Love that kitty to pieces!


----------



## Jeanie (Jun 18, 2003)

Calico Cat, three colors, not a pure bred cat.


----------



## Kittenofyourheart (Feb 20, 2005)

my husband is in the Army... lol Im 21.... and I had te pleasure of being driven up the wall by trixie.... lol... she went into heat before I could get her fixed ( money wise) and she drove us coo coo lol


----------



## soph0127 (Mar 6, 2005)

Jeanie said:


> Tabby is the pattern of three of the many domestic cats I have raised. It's not wise to breed tabbies, because of the overabundance of DSH cats in shelters. It is not a breed.

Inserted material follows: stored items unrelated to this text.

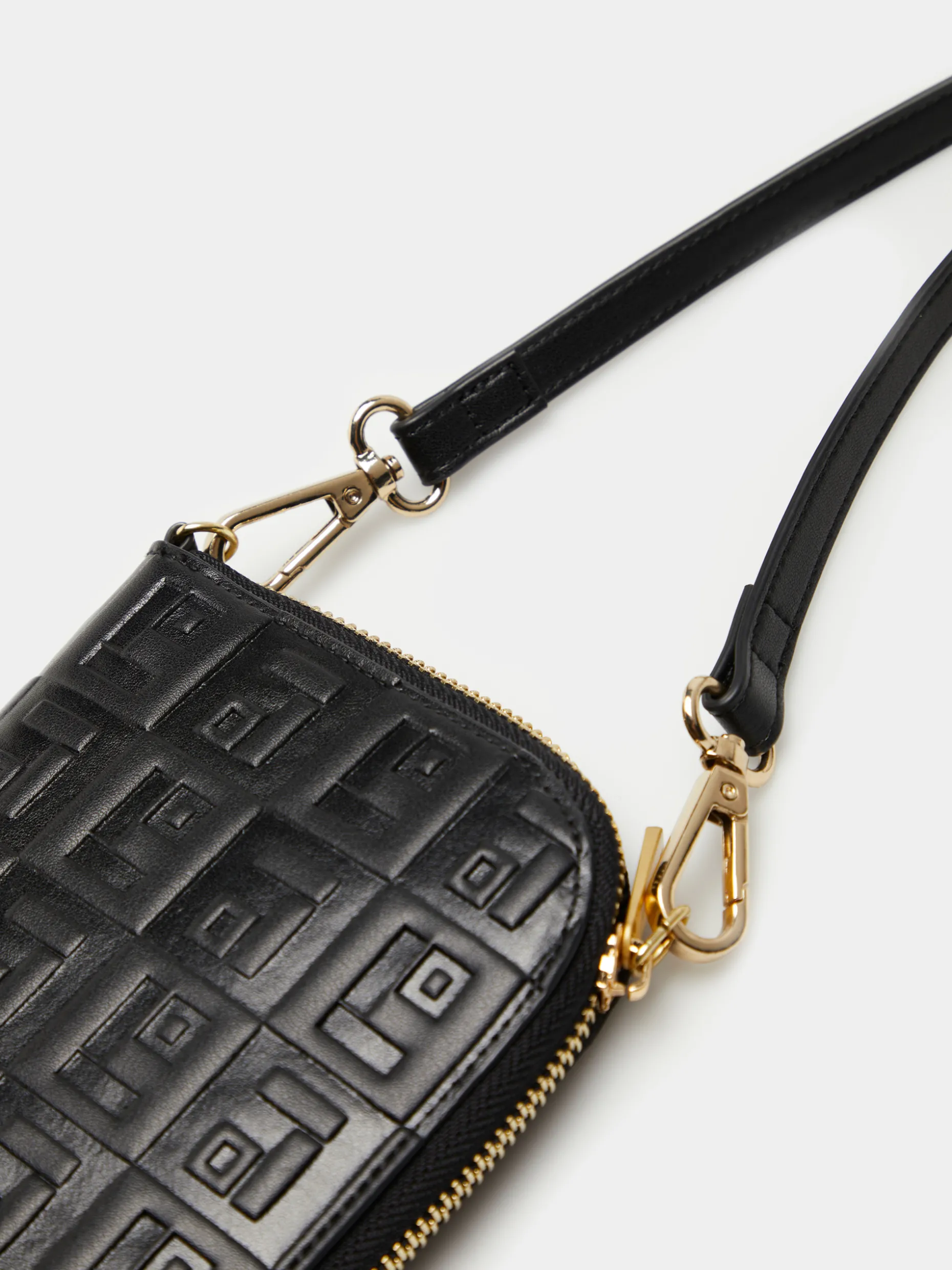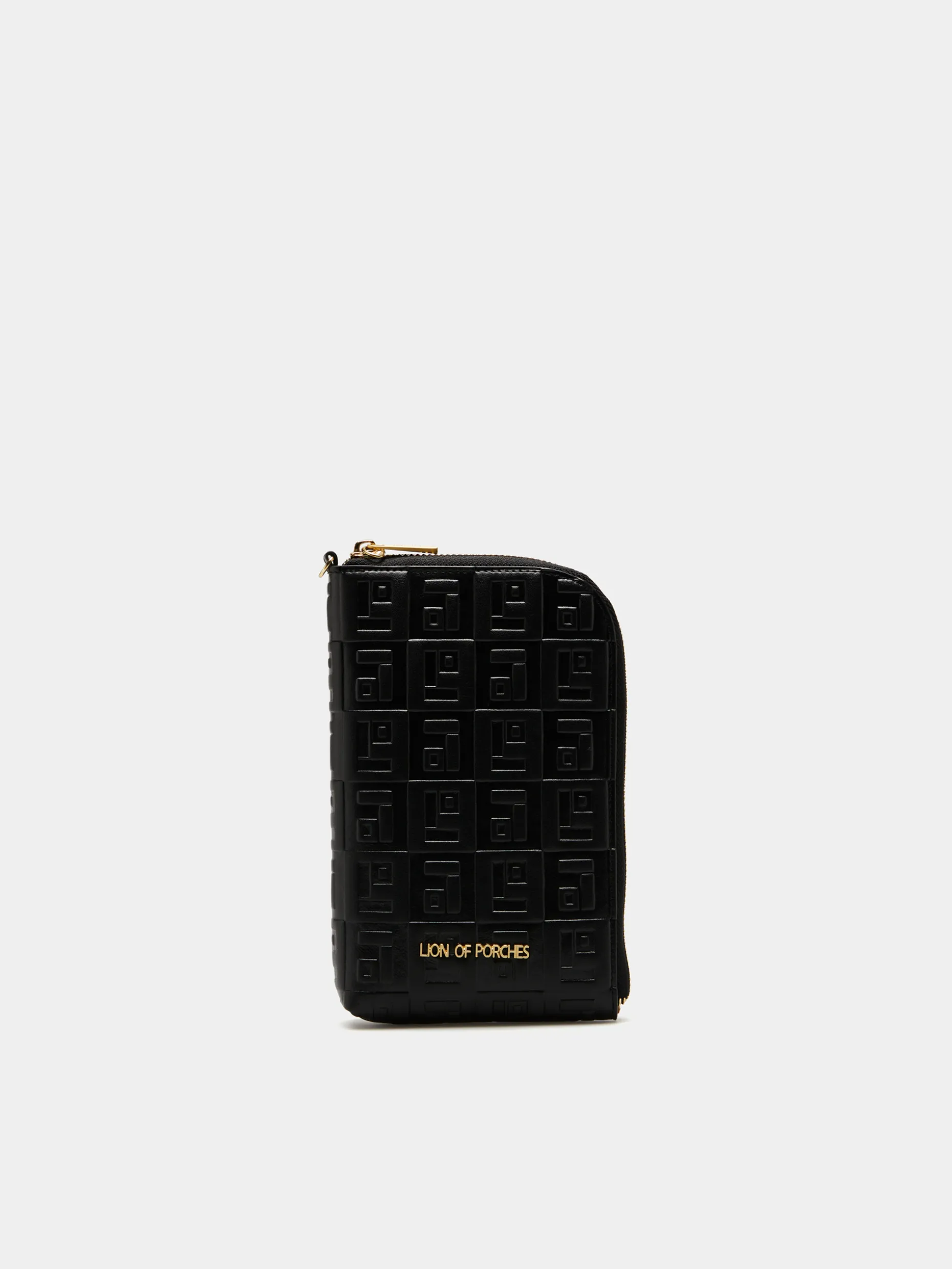 Porta telemóveis preto com monograma gravado em relevo e logotipo dourado metálico aplicado na frente. Fecho de correr com zíper personalizado. Compartimentos interiores. Produzido com matérias-primas vegan.
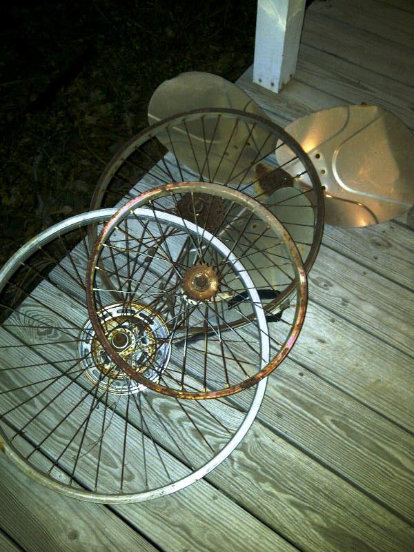 | Some motorcycle and bicycle wheels and an auto fan blade. |
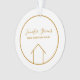 This modern realtor Christmas ornament is custom made with your realty company name under the the agent name in chic typography. This minimalist gold and white gift features a simple line drawing of a house. Contemporary holiday present for an agent working to help you buy a home.
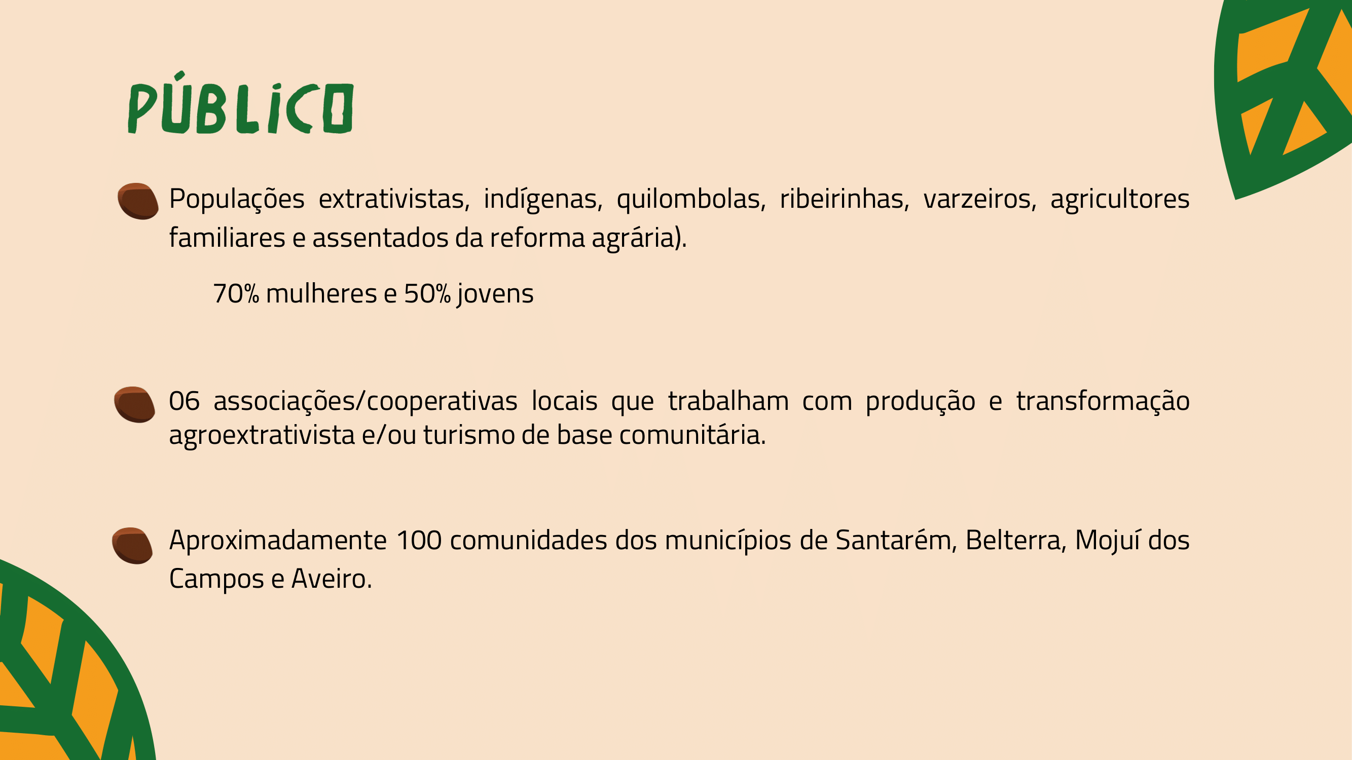 comunidades dos municípios de Santarém, Belterra, Mojuí dos Campos e Aveiro.

I'm not quite sure what you getting at about the tabby not being a breed. I have a Blue tabby persian, who has it's own division among the persians. Classic Tabby, MacTabby, and Mackerel tabbies are all in divisions among persians.


----------



## Jeanie (Jun 18, 2003)

The young lady didn't ask about varieties of Persian Cats. If she has a variety of a Persian Cat, I'm sure she'd know if she had a pure bred cat. There are thousands of DSH and DLH Tabbies and they are identified only as Tabbies. I think we would have received a reply telling us that the picture I posted was not the type of tabby whe was speaking of. 

That's what I was "getting at." Did you think I was misleading her? That's not my style. I am a former breeder. If someone says seal point, should I assume that the cat is a Himalayan? My seal point is a Siamese. Seal point is a description of markings, just as tabby is. Seal Point is not a breed.

Webster's Dictionary defines tabby:

Main Entry: 1tab·by 
Pronunciation: 'ta-bE
Function: noun
Inflected Form(s): plural tabbies
Etymology: French tabis, from Medieval Latin attabi, from Arabic 'attAbI, from Al-'AttAbIya, quarter in Baghdad
1 a archaic : a plain silk taffeta especially with moiré finish b : a plain-woven fabric
2 [2tabby] a : a domestic cat with a striped and mottled coat b : a domestic cat; especially : a female cat 
[


----------



## coaster (Dec 1, 2004)

Seems to be the usual confusion between breed - color - and pattern.









Did Webster breed cats? :wink: 

I'm sure Jeanie knows more than Webster about these definitions.


----------



## Sol (Feb 20, 2003)

soph0127 said:


> Jeanie said:
> 
> 
> > Tabby is the pattern of three of the many domestic cats I have raised. It's not wise to breed tabbies, because of the overabundance of DSH cats in shelters. It is not a breed.
> ...


I have to agree with Jeanie on this one. Tabby is not a breed, it's a color/marking BUT some breeds, such as Persians, are grouped by color/markings. However, it's not correct to say that tabby is a breed.

There are Tabby Persians, Tabby Devon Rexes, Tabby Domestic Shorthairs, all are tabbies but the sure aren't the same breed.


----------